Ohne Hens gegen Griechenland
Deutschlands Handballer müssen in der WM-Qualifikation gegen Griechenland endgültig ohne ihren Kapitän Pascal Hens auskommen. Der Hamburger Rückraumspieler wurde im griechischen Drama nicht für den offiziellen 16-köpfigen Kader gemeldet.
Hens hatte in Absprache mit Bundestrainer Heiner Brand im Playoff-Rückspiel nur antreten wollen, wenn bis dahin seine Freundin Angela das erste gemeinsame Kind zur Welt gebracht hätte. «Leider konnten wir nicht warten. Es macht auch keinen Sinn, Pascal Hens am frühen Sonntagmorgen in Gang zu setzen und nach den ganzen Reisestrapazen in ein so wichtiges Spiel zu schicken», sagte Brand.

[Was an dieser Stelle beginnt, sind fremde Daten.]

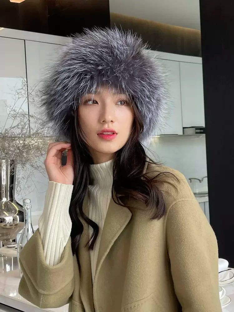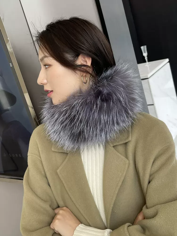 MS.MinShu-Hand Made Knitted Elastic Headband for Women, Genuine Fox Fur, Head Warmer, Neck Ring, Winter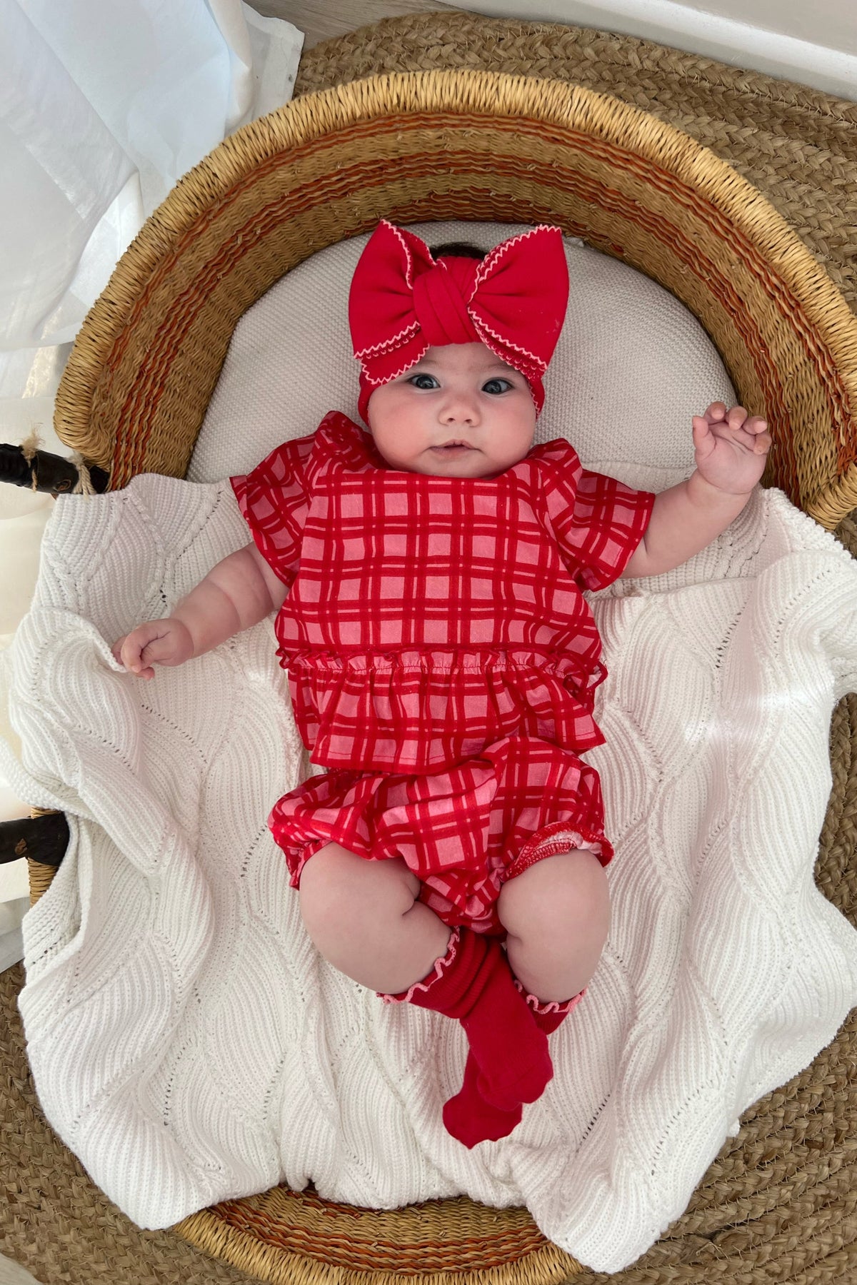 Cotton bloomers with a soft elastic waist and frill leg detail featuring our exclusive Jolie print. Mix and match with items from our Christmas Collection.

Neben Hens wurde auch der Großwallstädter Steffen Weinhold nicht für die entscheidende Partie um die WM-Qualifikation gemeldet. Die Auswahl des Deutschen Handballbundes (DHB) muss in Drama gegen Griechenland einen Fünf-Tore-Vorsprung vom 25:20-Sieg aus dem Hinspiel vor Wochenfrist in Dortmund verteidigen. Die WM findet vom 13. bis 30. Januar 2011 in Schweden statt. Die Vorrundengruppen werden am 9. Juli in Göteborg ausgelost.
Die deutsche Mannschaft war am frühen Samstagmorgen leicht verspätet von München nach Thessaloniki geflogen. Von dort wurde der WM-Fünfte begleitet von einer Polizeieskorte ins 170 Kilometer entfernte Drama gefahren. Nach der zweieinhalbstündigen Busfahrt absolvierte die Mannschaft am Abend ihr Abschlusstraining in der Spielhalle.